Wells Fargo targeting $2B expense reduction by year-end 2018

Wells Fargo to close 450 branches. See Stockwinners.com Market Radar for the story.

Sees FY17 effective tax rate about 29%. Expects efficiency initiatives will reduce expenses by $2B annually by year-end 2018 and that those savings will support investments in the business.

Plans to close ~450 branches in 2017-2018 to eliminate overlap and improve performance of the network; says 93 branches closed YTD 2017 through June.

Anticipates $130M in 2017 savings from gains on building dispositions and workforce optimization with an additional $20M in 2018.

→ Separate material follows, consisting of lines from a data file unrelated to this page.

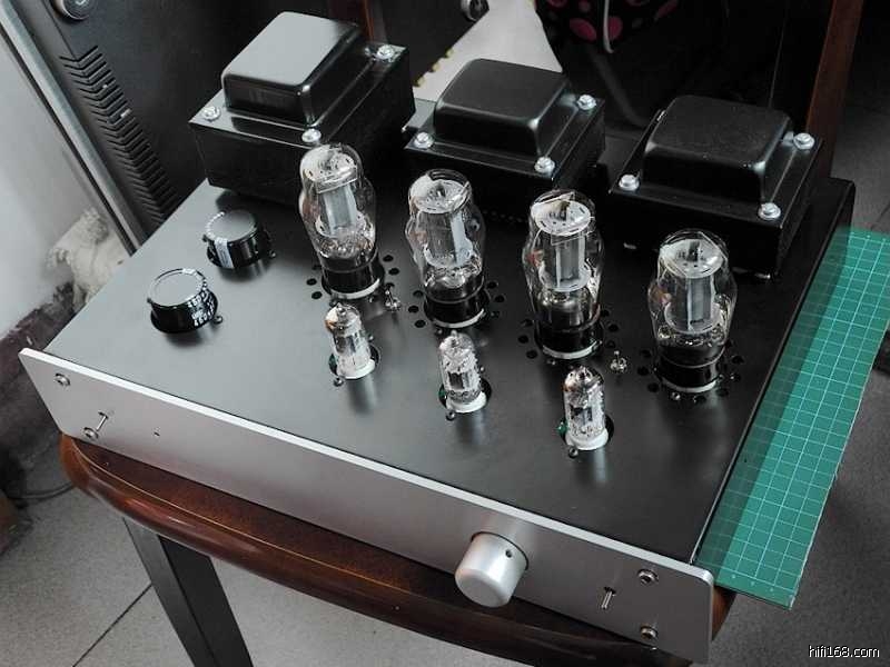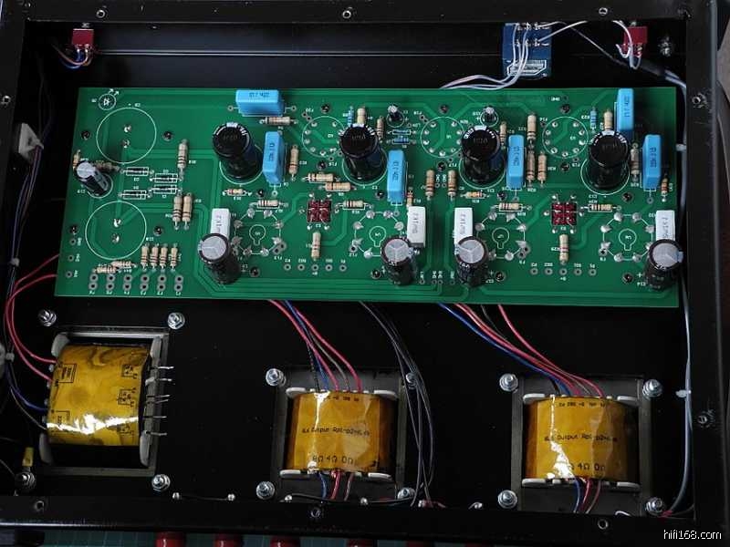 印板上的阻容器件焊接完毕之后,可以参照线路图认真核查一遍以防有误,借此机会亦分析一下整机的电路特点∶整机共采用了七只电子管(12Au7X3、6P3PX4),其中第一级电压放大级两声道共用一只双三极管12AU7,第二级的V2(V3)亦采用了12AU7来作长尾式倒相,具体来说V2(V3)的上端为激励管,下端为倒相管,此电路的特点是V1电压放大管的屏极与V2管上端的栅极直接耦合,从而构成长拖尾形式,因此输出信号具有相移失真小与频响范围宽的特点。V2(V3)管上端为共阴极形式,信号放大之后由屏极输出;V2(V3)下端则为共栅极方式,信号经阴极直耦输入,再由屏极输出,由于倒相级阴极加有较深的电流负反馈,故稳定性较好。
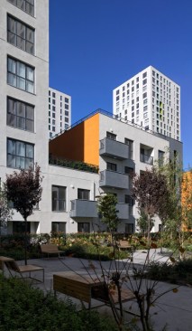 The site is in the middle of a very dense traffic hub, on a low altitude, without any vista. This lead to setup a inverted social life, open spaces optimizing neighborhood relations.
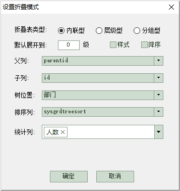 3、现在按下图所示设置折叠模式,统计列选择"人数"列:
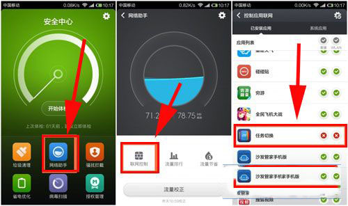 大家可以打開安全中心--網絡助手--聯網控制--找到你需要去除廣告的應用或者游戲--數據及WLAN均點擊打叉。
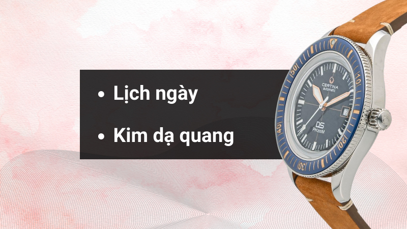 - Mẫu đồng hồ nam của nhà Certina được trang bị thêm ô lịch ngày và kim dạ quang giúp bạn dễ dàng quan sát ở nơi thiếu ánh sáng
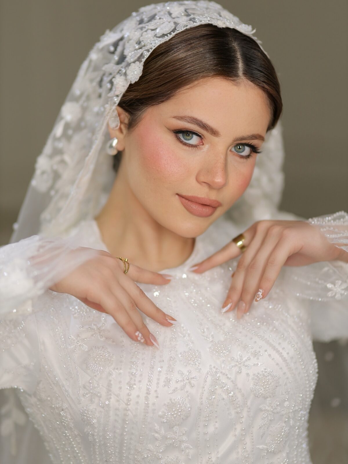 في الفاونديشن، حنان منصور بتحب اللوك الطبيعي جدًا. بتختار درجات قريبة من لون البشرة الحقيقي وبتدمجها بطريقة ناعمة تخلي شكل الوش خفيف ومريح من غير طبقات أو تكتل. الأسلوب ده بيخلّي العروسة شكلها صافي سواء في الحقيقة أو تحت إضاءة الكاميرا.

Also reducing non-customer facing travel and expenses with focused efforts on virtual conferences and telepresence, as well as leveraging internal meeting spaces and services.

Wells Fargo sees auto portfolio stabilizing in 1H18 – Says seeing “slow but steady” improvement in retail business.

Expects an additional $2B in annual expense reductions by the end of 2019; these savings are projected to go to the “bottom line.”

Says had digital active customers of 27.9M, stable LQ and up 2% YoY; had 20.4M mobile active customers, up 1% LQ. Notes that mobile active customers surpassed our desktop active customers for the first time in May.

Expects to increase Q3 dividend to 39c per share from 38c per share, subject to board approval.

WFC last traded at $55.17.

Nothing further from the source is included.